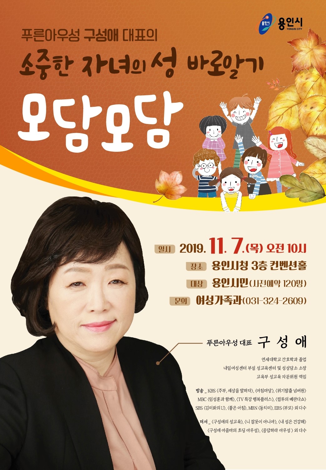 구성애 강사의 자녀 성교육 특강 참여자 80명 모집 용인시, 11월7일 시청 에이스홀서…5일까지 신청 접수 김경순 기자 2019-10-31 00:19 가 본문내용 확대/축소 본문 구성애 강사의 자녀 성교육 특강 참여자 80명 모집 용인시는 어린 자녀를 기르는 부모를 대상으로 구성애 강사의 성교육 특강에 참여할 시민 80명을 11월5일까지 모집한다. 1차 접수 때 예정한 120명이 순식간에 마감될 만큼 시민들의 관심이 높아 추가로 80명을 모집하는 것이다. 11월7일 시청 에이스홀에서 열리는 이 특강에선 구성애씨는 참가자들의 자녀의 성에 대한 궁금증을 구체적인 사례로 설명해 줄 예정이다. 시는 행사 전 참가자들에게 질문을 접수받아 강사가 직접 상황별 대처방법을 알려주도록 할 방침이다. 시 관계자는 “아이가 자라면서 가지는 성에 대한 궁금증을 현명하게 해결할 수 있도록 솔루션을 제공하려고 이 특강을 준비했다”고 말했다. 신청은 시 여성가족과(031-324-2609)로 전화하면 된다. 좋아요 0 싫어요 0 김경순 기자 기자의 다른기사 보기 목록 댓글목록 이전글 용인시·일양약품·덕영고 지역인재 고용 확대 MOU 19.10.31 다음글 상현고, 마을과 함께 하는 과학 캠프 과학동아리와 함께 하는 과학체험 한마당 운영 19.10.31
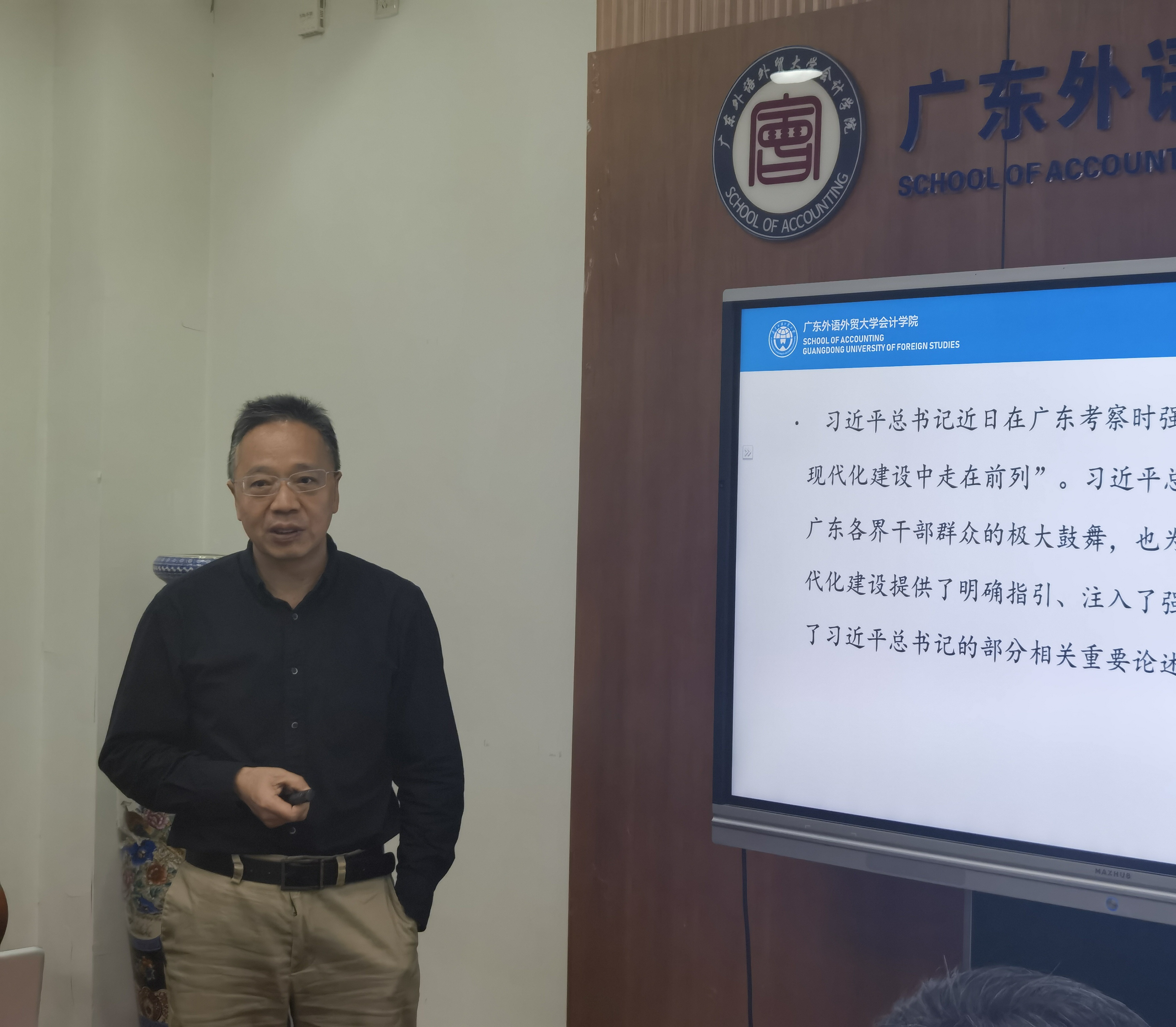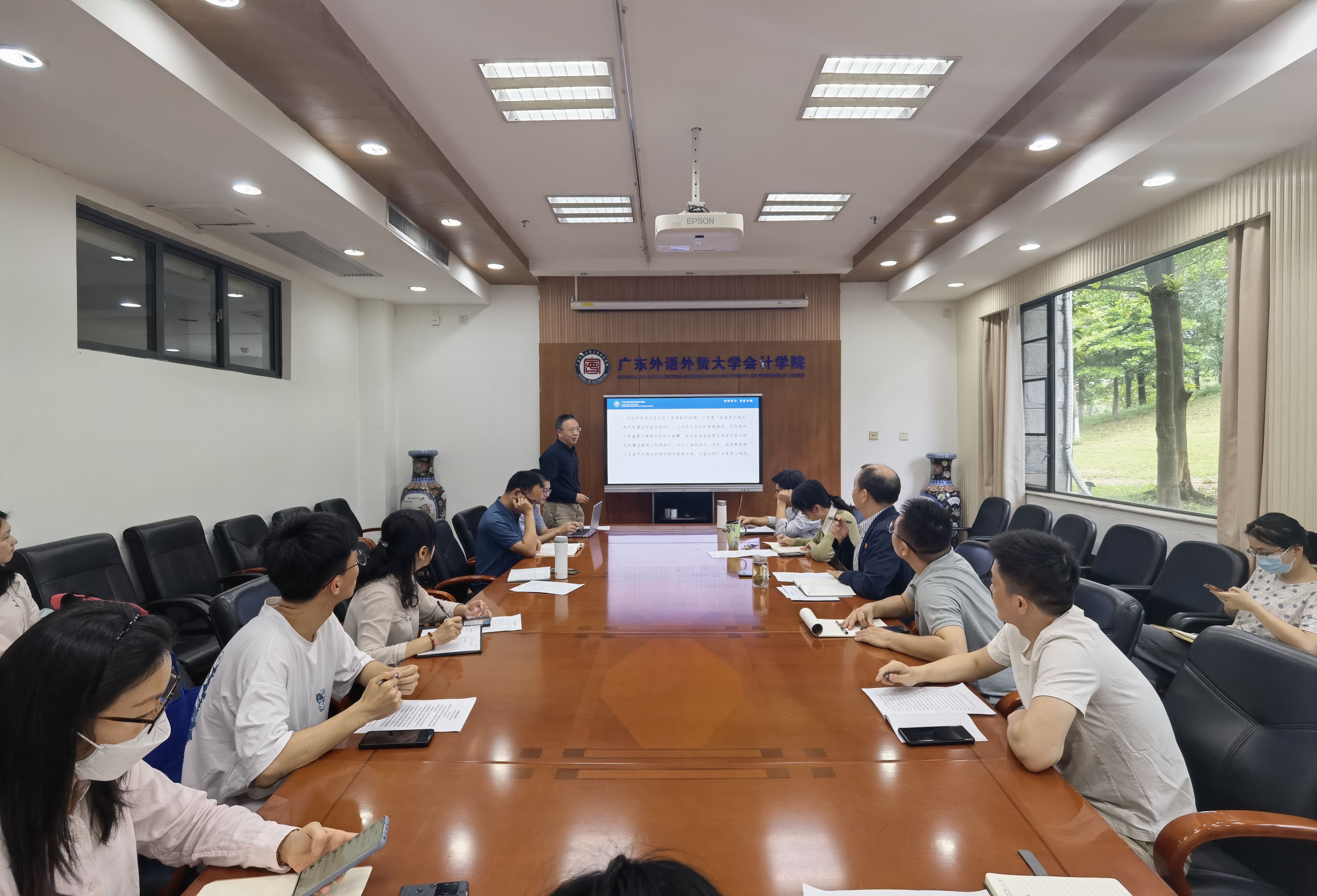 2023年5月8日,伟德bv国际体育党委在院系楼101召党委理论学习中心组(扩大)学习会专题学习习近平总书记广东考察重要讲话精神,学院领导、党委委员、各系部办主任、教工、学生党支部书记、党员师生代表参会,会议由党委书记黎冬主持,党委副书记、院长余鹏翼领学。
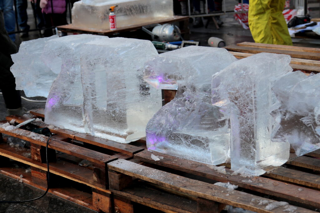 Скульптори витворили з глиб льоду серце, бика, лева, янгола та символічну дату року, що настав.
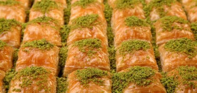 - ترتيب قطع البلقلاوة في الصينية وإدخالها إلى الفرن لما يقارب الخمس وأربعين دقيقة حتى يتحمر وجهها.
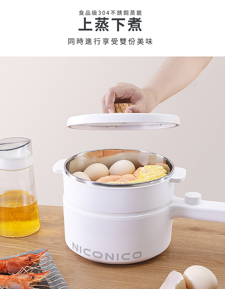 •配件:主機x1、蒸籠x1、玻璃鍋蓋x1、電源線x1、說明書x1、保固書x1
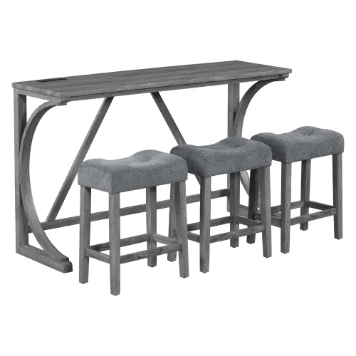 Bar Table Set with Power Outlet, Bar Table & Chair Set, 4 Piece Table Set, Industrial Breakfast Table Set, For Living Room, Dining Room,
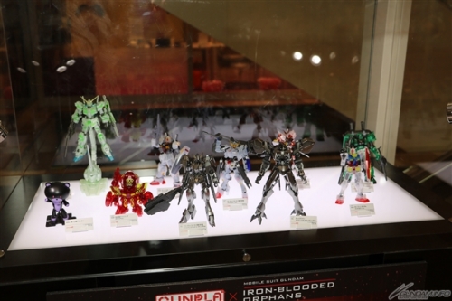 会場の外では、『鉄血のオルフェンズ』の他にも『ガンダムビルドファイターズ』と『機動戦士ガンダム THE ORIGIN』のガンプラを展示。さらに『鉄血のオルフェンズ』の関連グッズも展示されている。
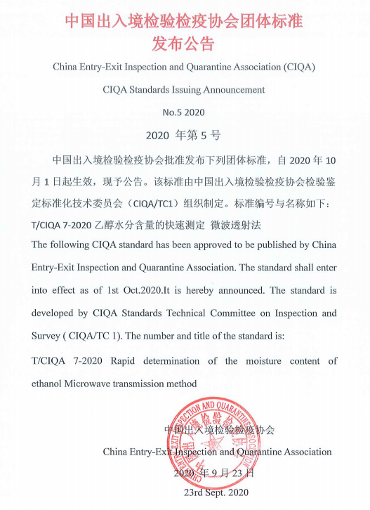 赫西儀器聯合湖南省計量檢測研究院經過多方技術開展合作研究開發,成功完成了消毒酒精測試方法及便攜消毒酒精速測儀,并于2020年10月由赫西儀器起草了“乙醇水分含量的快速測定 微波透射法”,成為中國進出口檢驗檢疫協會抗疫團隊第一標準《T/CIQA 7-2020》,測量方法由上海市激光技術研究所莊松林院士命名——微波透射法:酒精微波水份測試方法是我國獨立自主創新的測試技術,由于它具有快速準確,該方法便攜且不用耗材,操作簡單并可在現場快速檢測,開創了酒精水份測試新紀元。

[Task details]
After dropping every picture, transcribe each entry exactly.

[Reply to the task]
 구성애 강사의 자녀 성교육 특강 참여자 80명 모집 용인시, 11월7일 시청 에이스홀서…5일까지 신청 접수 김경순 기자 2019-10-31 00:19 가 본문내용 확대/축소 본문 구성애 강사의 자녀 성교육 특강 참여자 80명 모집 용인시는 어린 자녀를 기르는 부모를 대상으로 구성애 강사의 성교육 특강에 참여할 시민 80명을 11월5일까지 모집한다. 1차 접수 때 예정한 120명이 순식간에 마감될 만큼 시민들의 관심이 높아 추가로 80명을 모집하는 것이다. 11월7일 시청 에이스홀에서 열리는 이 특강에선 구성애씨는 참가자들의 자녀의 성에 대한 궁금증을 구체적인 사례로 설명해 줄 예정이다. 시는 행사 전 참가자들에게 질문을 접수받아 강사가 직접 상황별 대처방법을 알려주도록 할 방침이다. 시 관계자는 “아이가 자라면서 가지는 성에 대한 궁금증을 현명하게 해결할 수 있도록 솔루션을 제공하려고 이 특강을 준비했다”고 말했다. 신청은 시 여성가족과(031-324-2609)로 전화하면 된다. 좋아요 0 싫어요 0 김경순 기자 기자의 다른기사 보기 목록 댓글목록 이전글 용인시·일양약품·덕영고 지역인재 고용 확대 MOU 19.10.31 다음글 상현고, 마을과 함께 하는 과학 캠프 과학동아리와 함께 하는 과학체험 한마당 운영 19.10.31
 2023年5月8日,伟德bv国际体育党委在院系楼101召党委理论学习中心组(扩大)学习会专题学习习近平总书记广东考察重要讲话精神,学院领导、党委委员、各系部办主任、教工、学生党支部书记、党员师生代表参会,会议由党委书记黎冬主持,党委副书记、院长余鹏翼领学。
 Скульптори витворили з глиб льоду серце, бика, лева, янгола та символічну дату року, що настав.
 - ترتيب قطع البلقلاوة في الصينية وإدخالها إلى الفرن لما يقارب الخمس وأربعين دقيقة حتى يتحمر وجهها.
 •配件:主機x1、蒸籠x1、玻璃鍋蓋x1、電源線x1、說明書x1、保固書x1
 Bar Table Set with Power Outlet, Bar Table & Chair Set, 4 Piece Table Set, Industrial Breakfast Table Set, For Living Room, Dining Room,
 会場の外では、『鉄血のオルフェンズ』の他にも『ガンダムビルドファイターズ』と『機動戦士ガンダム THE ORIGIN』のガンプラを展示。さらに『鉄血のオルフェンズ』の関連グッズも展示されている。
 赫西儀器聯合湖南省計量檢測研究院經過多方技術開展合作研究開發,成功完成了消毒酒精測試方法及便攜消毒酒精速測儀,并于2020年10月由赫西儀器起草了“乙醇水分含量的快速測定 微波透射法”,成為中國進出口檢驗檢疫協會抗疫團隊第一標準《T/CIQA 7-2020》,測量方法由上海市激光技術研究所莊松林院士命名——微波透射法:酒精微波水份測試方法是我國獨立自主創新的測試技術,由于它具有快速準確,該方法便攜且不用耗材,操作簡單并可在現場快速檢測,開創了酒精水份測試新紀元。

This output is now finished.